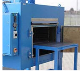
Herdwagenöfen ovens with charging trolleys
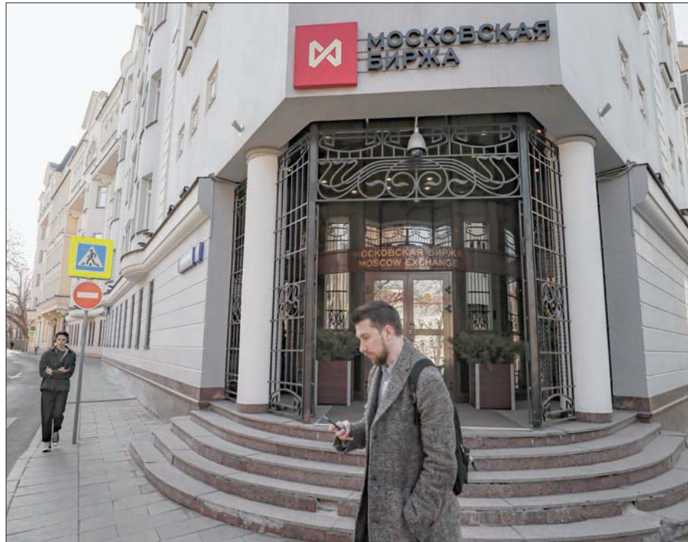
واجهة مبنى بورصة موسكو

الضغوط الاقتصادية على روسيا وإنهم ينظرون فيما إذا كان بوسعهم فعل المزيد لمنع الرئيس فلاديمير بوتين من استخدام احتياطات روسيا من الذهب.
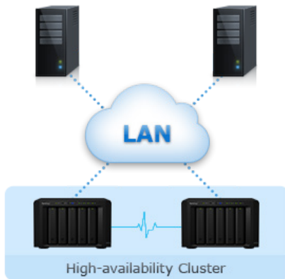
Abbildung 1) Zuverlässigkeit, Verfügbarkeit & Disaster Recovery

Synology High Availability stellt bei Ausfall eines Servers den nahtlosen Wechsel zwischen zwei Cluster-Servern mit minimalen Auswirkungen auf Unternehmen sicher.
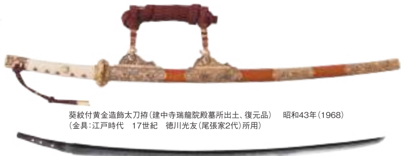
葵紋付黄金造飾太刀拵(建中寺瑞龍院殿墓所出土、復元品) 昭和43年(1968) (金具：江戸時代 17世紀 徳川光友(尾張家2代)所用)
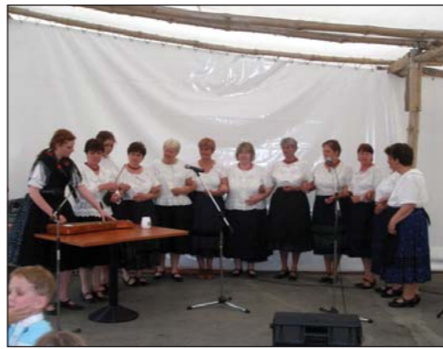
Az összefogás napja
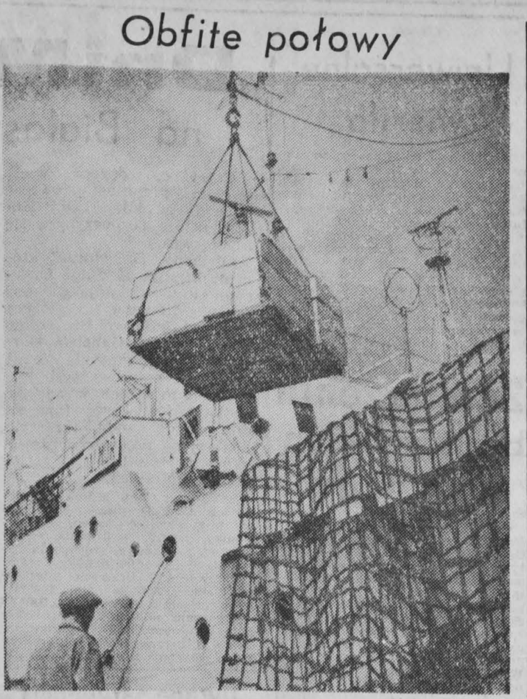
Obfite połowy Trawler - przetwórnia „Dalmor” po 114 dniach połowów w pobliżu wybrzeży Nowej Fundlandii i Labradoru powrócił do Gdyni. Złowiono ogółem 1084 tony ryb, przede wszystkim dorsza, karmazyna i pastusg. Na statku wyprodukowano m. in. 187 ton mrożonych filetów dorszowych, 83 tony filetów z karmazynów i 112,5 tony maczki rybnej. NA ZDJĘCIU: wylądunek mrożonych filetów z karmazynów zapakowanych w kartony. (CAF - fot. Ukielewski)

Zraniony przez kłusownika jeleń wskoczył z urwiska Robotnicy kamieniołomów Osieciu (woj. krakowskie) znaleźli w ostatnich dniach przewróconego, który spadł z urwiska i zabił się. Już pierwsze oględziny wykazały, że zwierzę było zranione eksplozją przez kłusownika i uciekło przed nim ratując się skokiem ze skalnego urwiska. Kłusownictwo w rejonie Góry powoduje szkodę w zwierzęstwie niemałą. Ostatniej zimy zabito kilka sztuk dzikich saren, nie mówiąc o mniejszej zwierzynie. (PAP)

_ _ _ _ _ _ _

**Requirement**:
When you write out the data, keep every line exact and drop the pictures.

**Finished exercise**:
Herdwagenöfen ovens with charging trolleys
واجهة مبنى بورصة موسكو

الضغوط الاقتصادية على روسيا وإنهم ينظرون فيما إذا كان بوسعهم فعل المزيد لمنع الرئيس فلاديمير بوتين من استخدام احتياطات روسيا من الذهب.
Abbildung 1) Zuverlässigkeit, Verfügbarkeit & Disaster Recovery

Synology High Availability stellt bei Ausfall eines Servers den nahtlosen Wechsel zwischen zwei Cluster-Servern mit minimalen Auswirkungen auf Unternehmen sicher.
葵紋付黄金造飾太刀拵(建中寺瑞龍院殿墓所出土、復元品) 昭和43年(1968) (金具：江戸時代 17世紀 徳川光友(尾張家2代)所用)
Az összefogás napja
Obfite połowy Trawler - przetwórnia „Dalmor” po 114 dniach połowów w pobliżu wybrzeży Nowej Fundlandii i Labradoru powrócił do Gdyni. Złowiono ogółem 1084 tony ryb, przede wszystkim dorsza, karmazyna i pastusg. Na statku wyprodukowano m. in. 187 ton mrożonych filetów dorszowych, 83 tony filetów z karmazynów i 112,5 tony maczki rybnej. NA ZDJĘCIU: wylądunek mrożonych filetów z karmazynów zapakowanych w kartony. (CAF - fot. Ukielewski)

Zraniony przez kłusownika jeleń wskoczył z urwiska Robotnicy kamieniołomów Osieciu (woj. krakowskie) znaleźli w ostatnich dniach przewróconego, który spadł z urwiska i zabił się. Już pierwsze oględziny wykazały, że zwierzę było zranione eksplozją przez kłusownika i uciekło przed nim ratując się skokiem ze skalnego urwiska. Kłusownictwo w rejonie Góry powoduje szkodę w zwierzęstwie niemałą. Ostatniej zimy zabito kilka sztuk dzikich saren, nie mówiąc o mniejszej zwierzynie. (PAP)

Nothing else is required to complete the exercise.